Taylor's other notable television credits include starring roles on the sitcoms Bosom Buddies (1980–82), The Powers That Be (1992–93) and The Naked Truth (1995–98). She also appeared as Jill Ollinger on the soap opera All My Children (1981–83), as Peggy Peabody on The L Word (2004–08), and as Ida Silver on Mr. Mercedes (2017–19). In 2020, she received critical praise and her eighth Primetime Emmy Award nomination for portraying Ellen Kincaid in the Netflix miniseries Hollywood.

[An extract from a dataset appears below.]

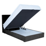 Voodil on pocket-vedrustusega madrats, 210 vedru/m2. Vedrude kõrgus on 13cm. Vedrusid katab 23kg/m3 poroloonikiht, mis on 2cm paks. Madratsi jäikus: jäik. Kattemadratsi sisuks on 23kg/m3 poroloon. Kattemadrats on kaetud 200g/m2 polüestervatiiniga. Voodi all on mahukas panipaik, mis on valmistatud täispuidust ja lamineeritud puitlaastplaadist. Selle küljed on kaetud porolooniga. Voodi karkass on valmistatud täispuidust. Voodiraam on kaetud kangaga, 30 000 Martindale´i. Komplekti kuulub voodipeats, mis on voodiga sama lai. Peatsi paksus on 7cm. Kaasas on ühenduselemendid peatsi kinnitamiseks voodi külge. Voodil on neli plastikust jalga, mis on musta värvi. Voodijalgade kõrgus on 2,5cm, kattemadratsi kõrgus 4cm, madratsi kõrgus 16cm. Voodi magamispinna kõrgus on 52cm. Toote mõõdud on 123x210xH114,5cm. Toode on valmistatud EL-is.
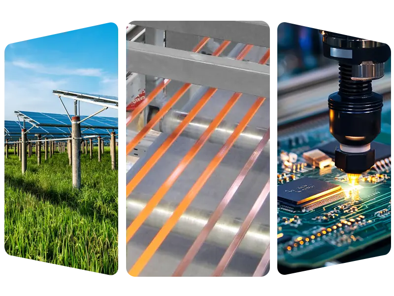 • ದ್ಯುತಿವಿದ್ಯುಜ್ಜನಕ ಕ್ಷೇತ್ರ: ದ್ಯುತಿವಿದ್ಯುಜ್ಜನಕ ವೆಲ್ಡಿಂಗ್ ರಿಬ್ಬನ್ಗಳು ಮತ್ತು ಬಸ್ಬಾರ್ಗಳ ಸಾಮೂಹಿಕ ಉತ್ಪಾದನೆಯು ಘಟಕಗಳು ವಿದ್ಯುಚ್ಛಕ್ತಿಯನ್ನು ಪರಿಣಾಮಕಾರಿಯಾಗಿ ನಡೆಸಲು ಸಹಾಯ ಮಾಡುತ್ತದೆ.

Taylor's feature film credits include Romancing the Stone (1984) and its sequel (1985), Alice (1990), To Die For (1995), One Fine Day (1996), George of the Jungle (1997), The Truman Show (1998), Happy Accidents (2000), Keeping the Faith (2000), Legally Blonde (2001), The Wedding Date (2005), Baby Mama (2008), Gloria Bell (2018), Bill & Ted Face the Music (2020), and The Stand In (2020).

Taylor wrote and starred in the one-woman play, Ann (Broadway, 2013), based on the life and work of Ann Richards. For this she received a nomination for the Tony Award for Best Actress. In 2022 she returned to the role for its long-anticipated West Coast premiere at the Pasadena Playhouse, the state theater of California.

Early life 
Taylor was born in 1943 in Philadelphia, Pennsylvania, to Virginia (née Davis), a painter, and C. Tracy Taylor, an attorney. She is the youngest of three daughters in the family; her sisters are Patricia and Pamela, and through Pamela, she is an aunt of director Brad Anderson. She attended high school at Westtown School, a Quaker boarding school in West Chester, Pennsylvania, graduating in 1960. She majored in Theatre at Bennington College, graduating in 1964, before moving to New York City to become an actress.

Career 

Taylor began in the theater. Throughout the 1960s, '70s, and '80s, she appeared in numerous Broadway and off-Broadway productions, including starring roles in Simon Gray's Butley and A. R. Gurney's The Cocktail Hour; for the latter, she was nominated for a Drama Desk award. In 1983, Taylor appeared in Breakfast with Les and Bess, which prompted the New York magazine theatre critic John Simon to sing, "...Miss Taylor is one of the few utterly graceful, attractive, elegant and technically accomplished actresses in our theatre...seeing her may turn you, like me, into a Taylor freak..."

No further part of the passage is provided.